AC: Why doesn't someone just once TRY showing a kid's anime subtitled and see how it does, instead of just asuming all kids are to stupid to read?
You're right, there are probably some kids that are interested enough in a show to watch it subtitled. (You could even claim to their parents that it's educational, because it provides a tiny fraction of foreign-language education).
However, childrens' cartoons means television, and television in the USA means English (or Spanish, on special channels). No broadcaster will put on a show their audience can't auditorally comprehend, at least in the next 10 years.
That's why NO film company has ever released a DVD of a film that's already been out on VHS.
Congratulations, you've almost reached the intellectual achievement of George W. Bush. Maybe you too can become President someday!
Your logic makes as much sense as claiming that a bullet can't kill someone, because some soldiers have been known to shoot an enemy even though he already shot him just seconds ago.
You can not prove this.
No, I just proved it.

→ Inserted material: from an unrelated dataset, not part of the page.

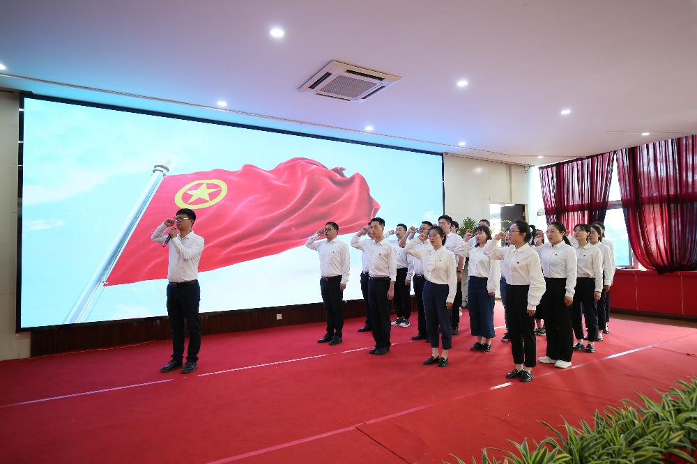 “我志愿加入中国共产主义青年团,坚决拥护中国共产党的领导……”主题团日活动在庄严的入团宣誓仪式中拉开序幕。团员青年高举右拳,在鲜艳的团旗下庄严宣读入团誓词,铿锵有力的誓词回荡在现场每一位青年心中。

By example.
NeoSkandranon claimed it was "hard to argue". I produced a cogent argument in less than 8 seconds of effort, which demonstrates conclusively that it's easy to argue.
Furthermore, if I had to prove not only that the argument was easy to write, but that it's substance is correct, the New York times this weekend interviewed people who download anime heavily, in preference to buying DVDs (that article is already in another slashdot story)
But I know it's pirating and don't try to pretend it's anything else.
Uh no, it's not pirating. The definition of piracy, both legally and in common use, is a violent crime committed on or near the ocean.
It's incredibly rare for the Japanese mafia to intercept a container ship and steal crates of anime DVDs. But if they do, and you buy one of them, then and only then can you consider yourself a pirate.
a different style doesn't mean it isn't a cartoon.
Language purists know that "cartoon" means "Cariature tune", and is only one of many kinds of animation. For example, the actor Jim Carey is often described as behaving "cartoonishly"- and it doesn't mean he was drawn on paper. The word "cartoon" has connotations of a flippant attitude and a lightweight storyline, aspects universal to American-produced "cartoons", but not nearly as prevalent in anime.
Because the USA has gone for so many decades without producing any popular animations which weren't also cartoons, speakers today are unable to find words aside from "cartoon" to refer to non-photographic animations.
(Of course, those are the same people who know that "decimate" means to destroy only 10% of the subject, and that a tsunami isn't a tradegy, because tradegies are always the victim's own fault...)
Cowboy Bebop is the classic example of a very good dub.
No it isn't. My ears were bleeding after only 20 seconds of Teddy Bomber...
It's not only that they did a bad job, but they were working under impossible constraints. One simply cannot construct believable English dialog between two tough-guy bounty hunters who call each other "Spike" and "Jet"... it just doesn't work. To Japanese ears, those words are meaningless sounds appropriate for foreign names- but in English, they are nouns from the dictionary, and it comes off silly to use them as given names.